五湖四海公司原审答辩称:一、五湖四海公司与高某公司签订的是委托合同,本案案由应该是委托合同纠纷而不应该定为居间合同纠纷。五湖四海公司与高某公司签订了《五湖四海集团项目商业综合顾问及招商代理委托服务合同》(以下简称“服务合同”),合同中明确约定了五湖四海公司委托高某公司提供商业综合顾问及招商代理服务。委托合同和居间合同拥有相同的合同标的,均是提供劳务,但是却有不同的法律规定,是极其相似也容易混淆的,在实践中应当根据法律规定来具体分析合同内容,从而正确认定合同的性质。《合同法》第396条关于委托合同的定义是:“委托合同是委托人和受托人约定,由受托人处理委托人事务的合同”;第424条关于居间合同的定义是:“居间合同是居间人向委托人报告订立合同的机会或者提供订立合同的机会或者提供订立合同的媒介服务,委托人支付报酬的合同”。根据法律规定,委托合同生效后,委托人有向受托人预付处理委托事务的费用或支付受托人报酬的义务,而受托人则有向委托人报告委托事务、亲自处理委托事务等义务。而居间合同中的居间人只是按照委托人的指示,为委托人报告有关可以与委托人订立合同的机会或第三人,只是在交易双方当事人之间充当“牵桥搭线”的媒介作用。《服务合同》共有两部分的内容,包括商业综合顾问服务和招商代理委托服务。合同第4.1条规定:五湖四海公司应在合同签订后向某力公司支付人民币18万元作为先期启动商业综合顾问服务费。合同第5.1.1条规定了五湖四海公司的权利:有审核高某公司提供的相关方案,提出修改意见和高某公司进行磋商……对高某公司提议的与本项目有关的所有策略及商业行为的最终决策权;合同第5.2.2条规定了高某公司的义务:应当组织外部资源为本项目提供顾问服务……提供与本项目相关的书面方案和建议。纵观合同上下文,显然《服务合同》的具体条款与法律规定的委托合同的内容相吻合,是委托合同,而不应该定为居间合同。二、委托合同中约定的付款条件不成立,五湖四海公司无需支付65万元佣金及违约金给高某公司。《服务合同》第4.2.3条约定:成功签订租赁意向书后支付佣金的50%,但是佣金不超过五湖四海公司已收客户定金的50%,完成租赁合同的签订,五湖四海公司收齐合同约定的相关款项后支付应付佣金。五湖四海公司与星美影院签订租赁合同并收取了50万元人民币的订金,随即支付了25万元代理佣金给高某公司,完全符合合同的约定。
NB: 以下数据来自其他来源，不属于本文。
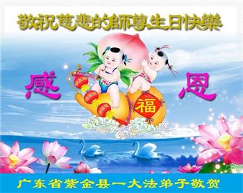 广东省河源市紫金县大法弟子恭祝师尊生日快乐!恭贺第25届世界法轮大法日!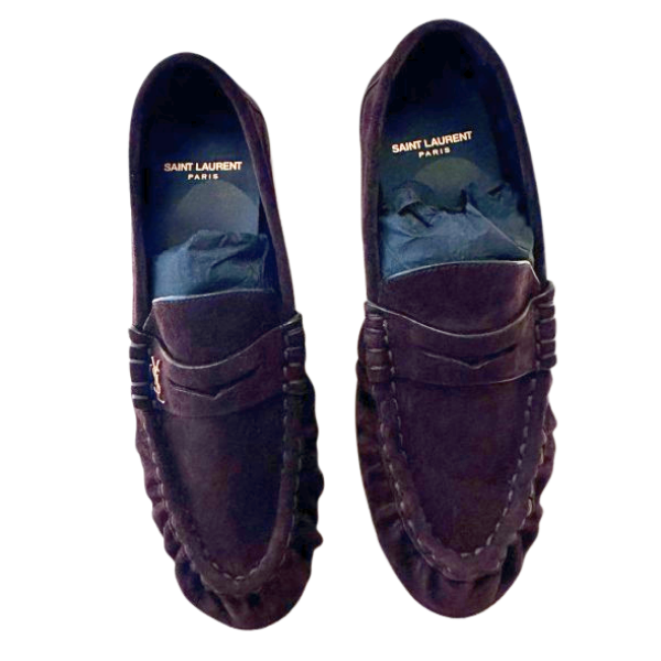 Le Loafer Suede Penny Loafers – Saint Laurent Condition: Brand New Size: 39 Color: BrownBatra provides authenticity verification and international shipping. Please contact us before purchasing to ensure a safe transaction.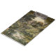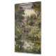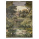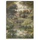 pintura em vintage de uma cena botânica de cisnes nadando na água em um jardim inglês com lírios, pontes e muitas flores exóticas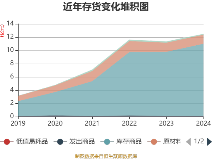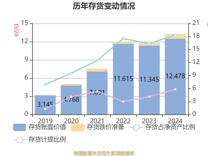 从存货变动来看,截至2024年末,公司存货账面价值为12.48亿元,占净资产的18.32%,较上年末增加1.13亿元。其中,存货跌价准备为7670.39万元,计提比例为5.79%。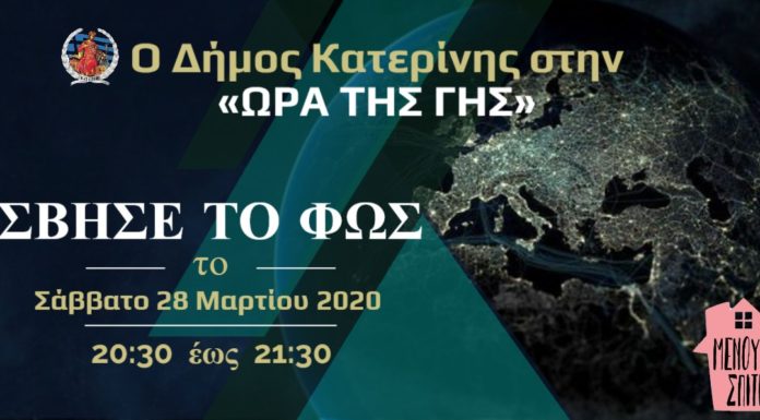 Στην παγκόσμια πρωτοβουλία ευαισθητοποίησης πολιτών, με τίτλο «Η Ώρα της Γης», που αναλαμβάνει και φέτος ο Οργανισμός WWF συμμετέχει ο Δήμος Κατερίνης. Στο πλαίσιο της δράσης αυτής, το Σάββατο 28 Μαρτίου 2020, από τις 20.30...

之后五湖四海公司与星美影院解除了租赁关系,并退还了50万的订金,还另支付了52250元补偿金给星美影院(证据三),也就意味着五湖四海公司再没有相关款项可以收取,《服务合同》第4.2.3条约定的后续佣金的付款条件不成立,因而根据合同约定不需要继续支付佣金给高某公司。从公平原则的角度来看,高某公司为五湖四海公司提供招商代理委托服务,结果仅招商来星美影院这唯一的客户,不仅与其在合同中承诺的大型招商内容完全不相符合,而且高某公司作为受托人根本没有尽到完善的代理人义务,其在完全了解五湖四海公司的项目现状情况的基础上,明知五湖四海公司与星美影院并不具有合作基础,却没有尽到应有的风险提示义务,而是一味仓促地促成五湖四海公司与星美影院的定约。五湖四海公司虽然与星美影院订立了合约,但是随后双方发现不具备合作的基础,于是解约。五湖四海公司不仅没有获得任何收益,还遭受了巨大损失。未完全履行代理人义务的高某公司在收取了共计123万元人民币的服务费和佣金(证据二)之后,还要求五湖四海公司继续支付65万元的代理佣金,是明显没有任何依据的,完全违背了公平原则,是错误的。三、高某公司并没有履行合同约定的招商义务,已构成违约,应当将五湖四海公司先期支付的及后期按月支付的综合服务费98万元全数退还。《服务合同》第5.2.2.1条规定:高某公司应当在收到甲方支付的顾问费之日起7日内开展顾问服务工作;第5.2.2.3条规定:高某公司选定1000个适合的商家,在服务期内每月介绍不少于60个商家……三个月内完成不少于三家主力商家的招商意向;第6.1条规定:若高某公司违反第5.2.2.3条规定,视为违约,五湖四海公司无需按照本合同规定支付违约期间的商业综合服务费。根据银行汇款凭证显示,五湖四海公司已于2012年5月25日将先期启动服务费18万元支付给高某公司,随后也按时将第一期至第十期的服务费共80万元支付给高某公司。但是高某公司在整个合同存续期间(2012年5月22日至2013年5月21日止)对上述第5.2.2.3条规定的义务绝大部分都没有履行,更没有给五湖四海公司带来任何利益,懈怠代理招商还给五湖四海公司造成巨额损失,已构成根本违约,五湖四海公司有权根据第6.1条规定要求高某公司返还所有已支付给高某公司的综合服务费共人民币98万元。综上,高某公司并没有完成委托事务,合同中约定的付款条件不成立,五湖四海公司无需支付65万元佣金及违约金给高某公司。高某公司绝大部分没有履行合同约定的招商义务,构成根本违约,应退还商业服务费共计98万人民币给五湖四海公司,请法庭驳回高某公司的全部诉讼请求。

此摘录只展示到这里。